Кутырка только тут осознала и готова была руку дать на отсечение, что мама преднамеренно решилась на поступок сознательный. И решение это далось царице нелегко, понимая, что может больше не увидит родную кровиночку живой иль, судя по испытаниям в здравом уме да твёрдой памяти. Но она пошла на эту жертву сердце разрывающую.

Почему царицы прежние из своих дочерей замену не выращивали? Что у них дочерей не было? Или не пускали на испытания? И тут Райс неожиданно пришла к неутешительному выводу, от коего мурашки по спине забегали да волосы затопорщились: «Я как царская дочь должна стать Царицей Степи иль исчезнуть с глаз долой, как и прочие дочери прежних цариц степью правящих».

Кем бы Райс стала, коли б при шатре мамы выросла? И какое было бы будущее не отправь её мама на испытания? Самое большее чего Райс добиться могла, это стать ордынской девой боевого сестричества, а там, коль заслужит да в походах не сложит голову, могла подняться до Матёрой со временем. Вот и всё что ей светило в той жизни нерадостной.

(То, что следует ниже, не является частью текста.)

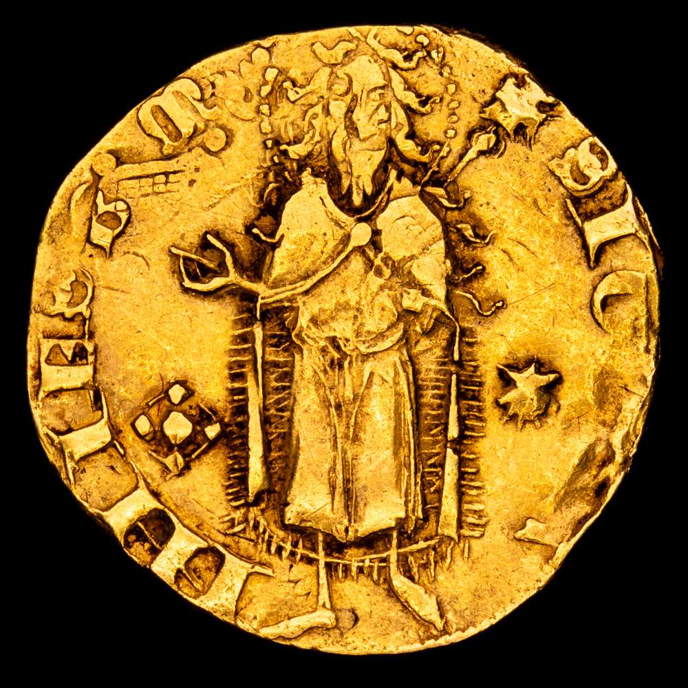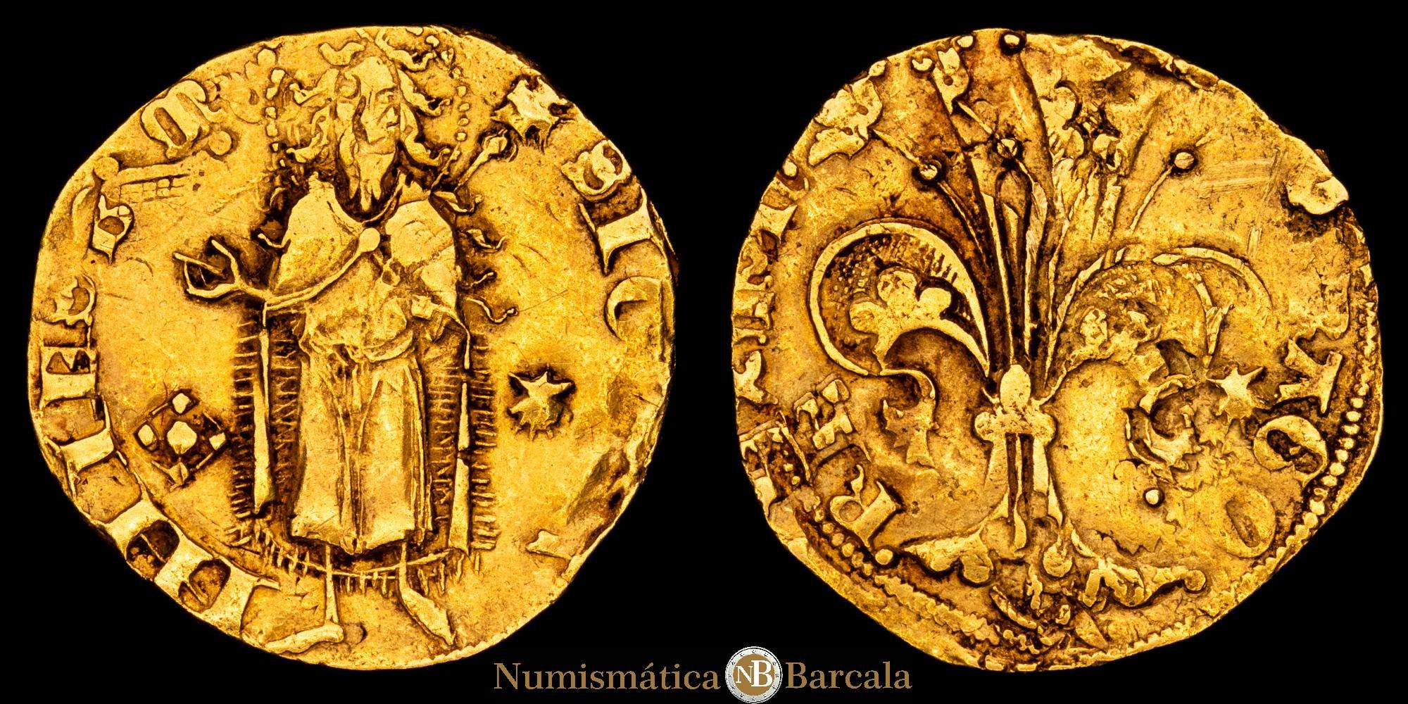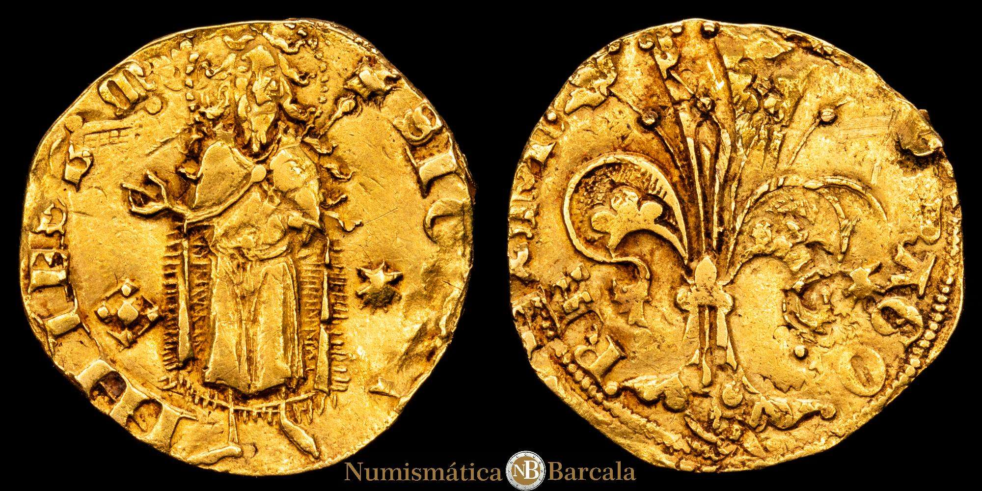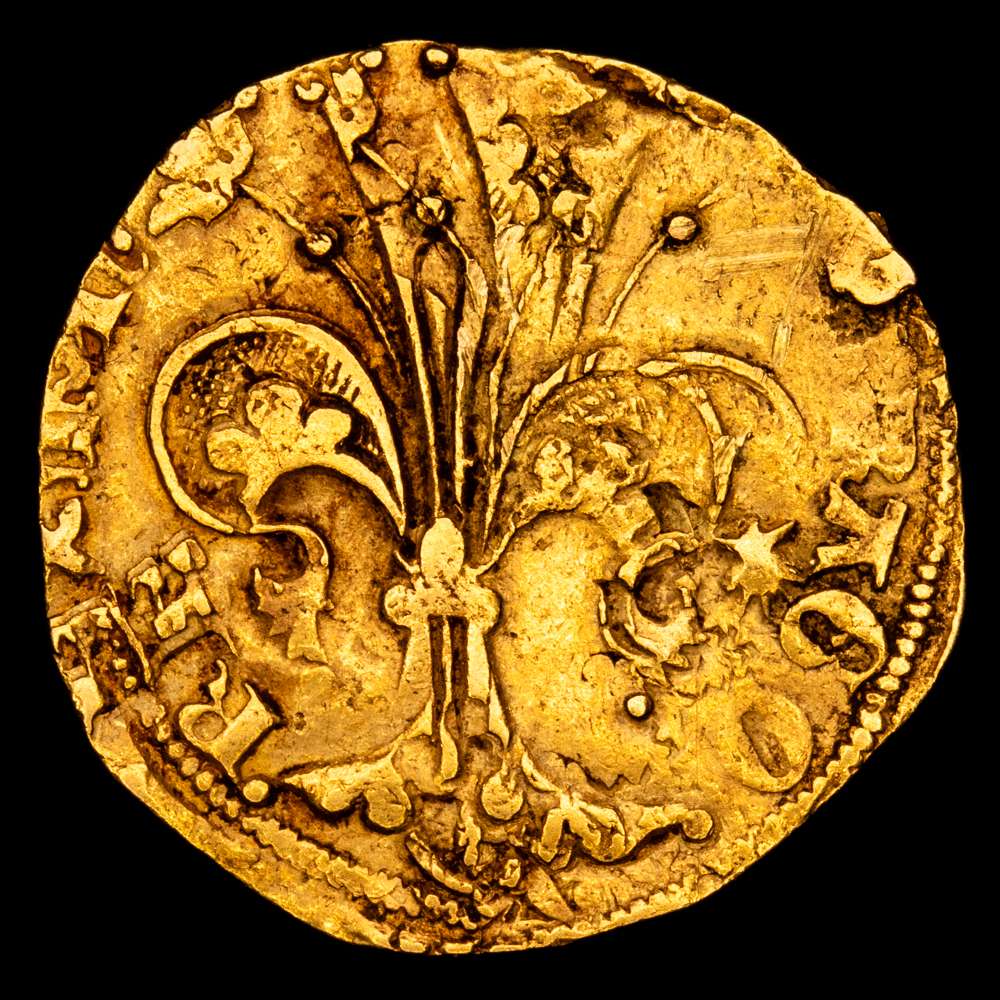Marti I (1396-1410). Mallorca. Florín. (Cru.VS 495) (Cru.CG 2301). Anverso: S IOH-NNIES B M. Reverso: ()RGO-REX MAR. Marcas: rombo ajedrezado – concha de vieira en el anverso y rombo partido – concha de vieira en el reverso. Doble acuñación curiosa. Pequeña laminación en el canto del reverso. 3,41 g. MBC. Ex Aureo Calicó 18/09/2014, n.º 871.

До сего дня кутырка не интересовалась в принципе, как становятся царицами и как мама умудрилась ею стать. Знала только, что в отличие от мужицкой орды, цариц не выбирают скопом, как это мужики делали. Царицей становилась дева из клана «меченых». [18] Она на таких насмотрелась в бане среди маминого окружения, с ног до головы причудливо изрисованных. Но откуда те брались рыжая не ведала, укоряя себя лишний раз, что дурой была полною, когда всему этому учили наставницы.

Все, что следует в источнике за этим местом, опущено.